Andares
Sensacional. Así anduvo el ascenso de ayer. Madrugué,
excepcionalmente tuve que prepararme el desayuno porque estaba sola, dudé en
salir, hacía frío y resultaba tentador quedarse un rato más en la cama. Sin
embargo, de un salto me alisté, tomé las llaves y salí. Otro acierto de noviembre.
En la ruta, el entorno boscoso y recóndito es
escenario de conductas indecorosas. Un par de perros se encuentran, se ladran,
se persiguen, se huelen y se quedan en lo suyo… vaya escándalo!
Me detengo en una piedra, algo como un mirador, a
contemplar el paisaje porque sí, porque me gusta admirar este campo inmenso,
este cielo despejado; seguí luego mi camino. Empecé a cansarme de nuevo. Cambié
de estilo a mitad del ascenso, puse turbo y de nuevo llegué.

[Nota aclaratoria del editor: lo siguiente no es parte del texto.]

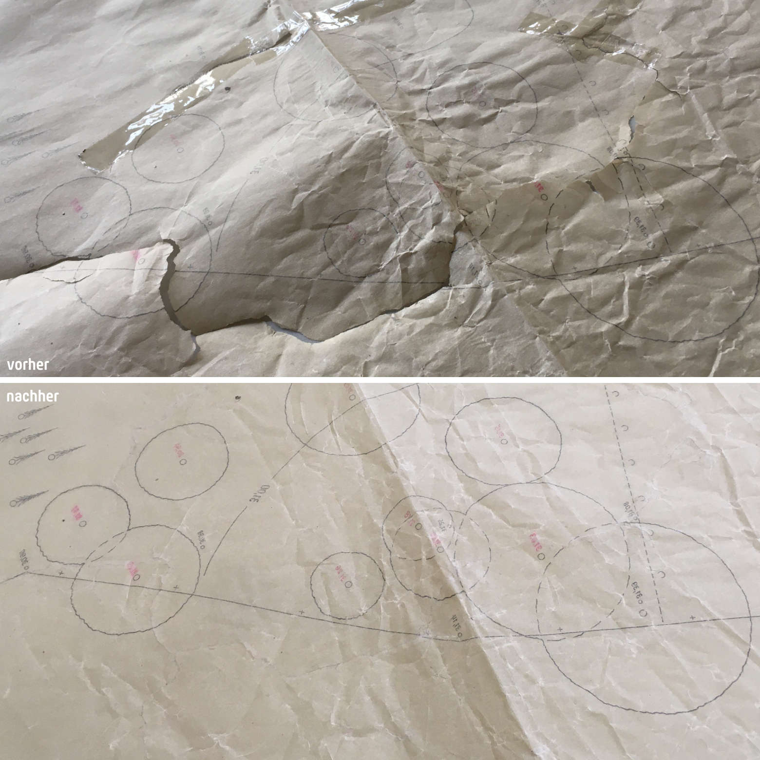 ablösen, reduzieren, extrahierenTrockenreinigung, mechanisches Abnehmen von Klebebandträgern und Klebstoffresten, passgenaues Schließen von Rissen mit wärmeaktivierbarem, klebstoffbeschichtetem Japanpapier, Ergänzen von Fehlstellen, ganzflächiges Glätten von Großformaten, archivgerechte Verpackung/Aufbewahrung.

Llego. Se ve brillante desde la cumbre, sin embargo
esta vez no es el color lo que me cautiva, sino la atmósfera que allí se
respira, esa que hace que me sienta sola en medio de la inmensidad, sola y en
la cima, sola y en el centro, abstraída por completo. Todos caeremos en el
olvido, lo pienso, y sí…. Pierdo la conciencia del tiempo, solo lo dejo
escapar, como quien adquiere un superpoder, nada me preocupa. Incluso ignoro
las palabras de asombro de los ciclistas que llegan, esas que carecen de
sutileza.
Comienzo la retirada, pero antes tomo algunas fotos
que me piden, llegan orgullosos, sudorosos, alzan sus bicis y parece que las
ofrecieran al cielo, sonríen, hacen gestos ridículos, pero me entretienen,
están felices de haber coronado, felices como yo porque el páramo es fuente de
alegría.
Una leve brisa entra en escena y de la nada llegan las
nubes a cubrir el escenario, siento pena por los ciclistas que están hasta
ahora llegando, se perdieron el espectacular paisaje despejado, que pareciera
ser la recompensa al derroche de energía de la subida, aunque la emoción, esa
la traen puesta.
Bajo del páramo, de sentirme en el cielo y llego a mi
pequeño paraíso terrenal, así el nivel de fascinación por nuestro refugio.